Шато-Ландон — селение в департаменте Сена-и-Марна, в 12 км южнее Немура.
… погасили все фонари в коммуне Монмартра… — Крупный город мог состоять не только из нескольких коммун (см. т. 30, примеч. к с. 383), но и из нескольких кантонов (см. т. 31, примеч. к с. 41). Монмартр — см. т. 30, примеч. к с. 5.
506… Агент-феникс, гага avis… — Феникс — см. т. 31, примеч. к с. 241.
"Rara avis" — см. т. 32. примеч. к с. 503.
509… остаюсь висеть на скале, как античный Прометей, которому не дают покоя два стервятника: голод и жажда. — О Прометее см.
т. 30, примеч. к с. 89.
… Голод… похож на Гузмана: он не знает преград. — Гузман (или Гусман) — персонаж испанских народных преданий, неоднократно фигурировавший в литературе, в частности в плутовском романе испанского писателя Матео Алемана (1574 — ок. 1614) "Жизнеописание плута Гузмана из Альфараче", пользовавшемся большим успехом во Франции благодаря вышедшему в 1732 г. переводу-пересказу — его сделал Лесаж (см. г. 30, примеч. к с. 46). Похождения героя этого романа породили поговорку "Гузман не знает преград", которая в данном случае и имеется в виду.
511 "Синие часы" — кафе в северо-восточной части старого Парижа на углу бульвара Тампль и улицы Шарль; известно тем, что в годы Французской революции в нем встречались революционные лидеры.
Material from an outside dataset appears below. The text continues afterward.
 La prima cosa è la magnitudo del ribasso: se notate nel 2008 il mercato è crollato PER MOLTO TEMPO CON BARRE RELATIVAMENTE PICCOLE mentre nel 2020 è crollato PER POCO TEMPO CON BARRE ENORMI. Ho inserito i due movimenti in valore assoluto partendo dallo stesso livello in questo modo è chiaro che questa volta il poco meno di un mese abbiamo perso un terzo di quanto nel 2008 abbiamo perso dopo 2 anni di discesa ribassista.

517 Дискос — небольшое драгоценное блюдо, используемое при христианском богослужении.
519… Через Бисетр? — См. т. 30, примеч. к с. 9.
… древние изображали необходимость с железными клиньями. — Имеется в виду Necessitas — аллегорическое божество, дочь Фортуны (Судьбы). Ее могущество было так велико, что самому верховному богу Юпитеру приходилось ей подчиняться. Богиню изображали держащей шипы и железные клинья — символ ее непреклонности.
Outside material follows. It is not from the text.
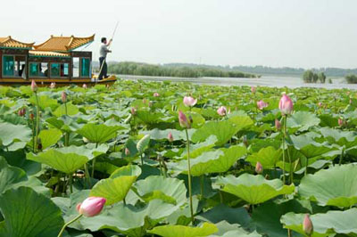 中廣網(wǎng)北京7月6日消息 東湖自然風(fēng)景區(qū),由于良好的生態(tài)保護(hù),至今仍保持著西周時(shí)期原始的自然風(fēng)貌,在這里可以領(lǐng)略到3000年前生態(tài)文化的絢麗多姿。景區(qū)水面7000余畝,碧波蕩漾,蒲葦婆娑,荷花飄香,鳥鳴魚躍,水草千姿百態(tài),水胡蘆隨風(fēng)飄浮。蕩舟湖中,你可看到“小荷才露尖尖角,早有蜻蜓立上頭”、“兩個(gè)黃鸝鳴翠柳,一行白鷺上青天”的動(dòng)人畫面。也可以看到“春水碧于天,畫船聽(tīng)雨眠”,“秋風(fēng)吹拂龍湖面,化出白蓮千萬(wàn)點(diǎn)”的美麗景觀。

520 Паризе, Этьенн (1770–1847) — французский врач и ученый, постоянный секретарь Медицинской академии, автор многочисленных ученых трудов; после Июльской революции работал в Бисетре.
Пандемониум — см. т. 30, примеч. к с. 209.
522… тяжелый молот, который мог бы напугать изобретателя кузнечнаго дели Тувалкаина и патентованного специалиста Вулкана. — Тувалкаин — персонаж Библии, потомок Каина; был "ковачем всех оружий из меди и железа" (Бытие, 4: 22–23).
Вулкан — римский бог огня (гр. Гефест), в античной мифологии бог-кузнец, покровитель огня и ремесел; в отличие от других богов, большинство которых традиция изображает прекрасными, был некрасив и хром.
Этеокл и Полиник — в древнегреческой мифологии и античных трагедиях сыновья фиванского царя Эдипа; изгнав отца, братья договорились править городом по очереди, но Этеокл нарушил договор, тогда Полиник с помощью союзников отправился в поход на Фивы. В поединке братья сразили друг друга. Их имена стали символом непримиримой розни между родственниками.
524 Венсан де Поль — см. т. 32, примеч. к с. 170.
528 Псише — большое зеркало на ножках.
529 Улица Пепиньер — см. т. 32, примеч. к с. 234.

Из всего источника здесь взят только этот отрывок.